SQOLOGY will be in northern Indiana this weekend at GNC Customs in Goshen, IN, in conjunction with their Mid-Summer Mayhem car show.

https://www.facebook.com/events/1530530556981919/

SQOLOGY Registration for IASCA & MECA SQ starts at 9 AM, judging at 10 AM! Registration at the red SQOLOGY tent opposite Main registration. $50 for both orgs! $25 IASCA only / $35 MECA only.

Mid-Summer Mayhem is an outstanding event put on by GNC Customs and is very family oriented. It's sure to be a great time!

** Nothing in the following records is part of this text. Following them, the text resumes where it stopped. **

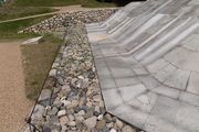 墳丘は対角長18.5m高さ約4mの八角形墳で版築によって築かれています。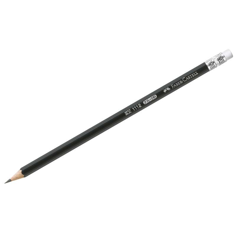 Шестигранные деревянные карандаши с ластиком. Твердость - HB, цвет корпуса - черный. Подходят для чертежных и оформительских работ.Карандаш ч/г Faber-Castell "1112" HB, с ластиком, заточен.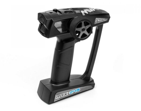The MTX-249 is a compact, lightweight pistol style radio with a steering wheel control for realistic driving and a trigger control for intuitive acceleration and braking of your car.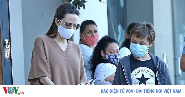 VOVVN - VOV.VN - Angelina Jolie mặc áo len dáng rộng và chân váy trắng, lộ vóc dáng gầy gò đi mua sắm cùng con trai cưng ở Los Angeles vừa qua.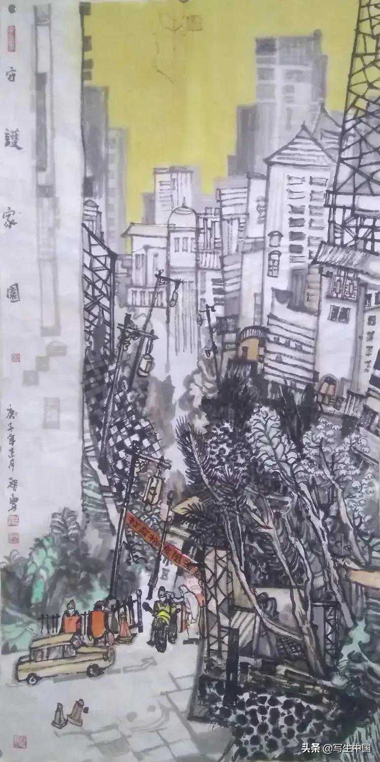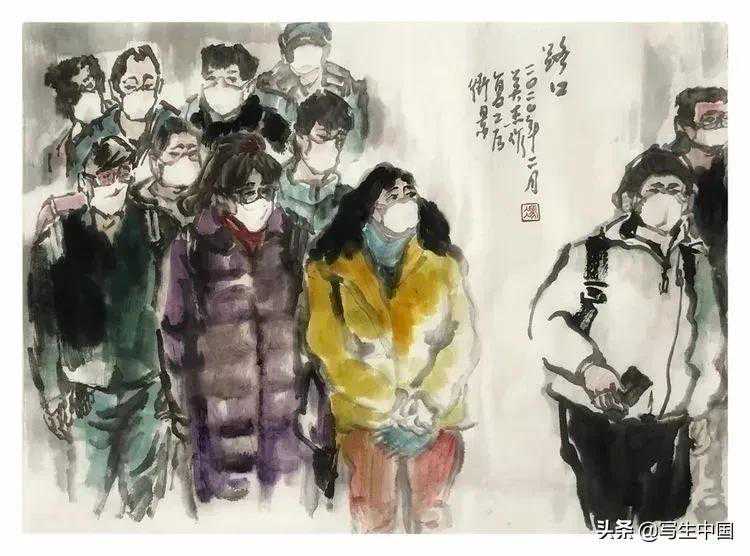 《全民动员,打胜疫情防控人民战争》中国画苏振福

Please note, the car show is advertised as beginning at 12pm - we are starting the SQ competition earlier than the car show begins.


----------



## benny z (Mar 17, 2008)

Bump for Saturday


----------



## mrichard89 (Sep 29, 2016)

How was the show?


----------



## mrichard89 (Sep 29, 2016)

Does anyone have info on Dan Erickson's install in the Accord coupe?


----------



## benny z (Mar 17, 2008)

The show was great!

Mid-Summer Mayhem is an annual car show GNC hosts... they've asked us to host SQ competition in conjunction with the show this year and last. This year we had a small group compete SQ. Reports from those in attendance was that it was a friendly show with lots of feedback and help from the judges given the small number of competitors. 

IASCA results here:

http://events.iasca.com/US_/00000560.html

MECA results here:

http://mecaevents.azurewebsites.net/#results/2124




























Sorry, I don't have any pics of Dan's install. However, it is mostly stock-looking except for the 15" AE sub installed IB in the trunk.


----------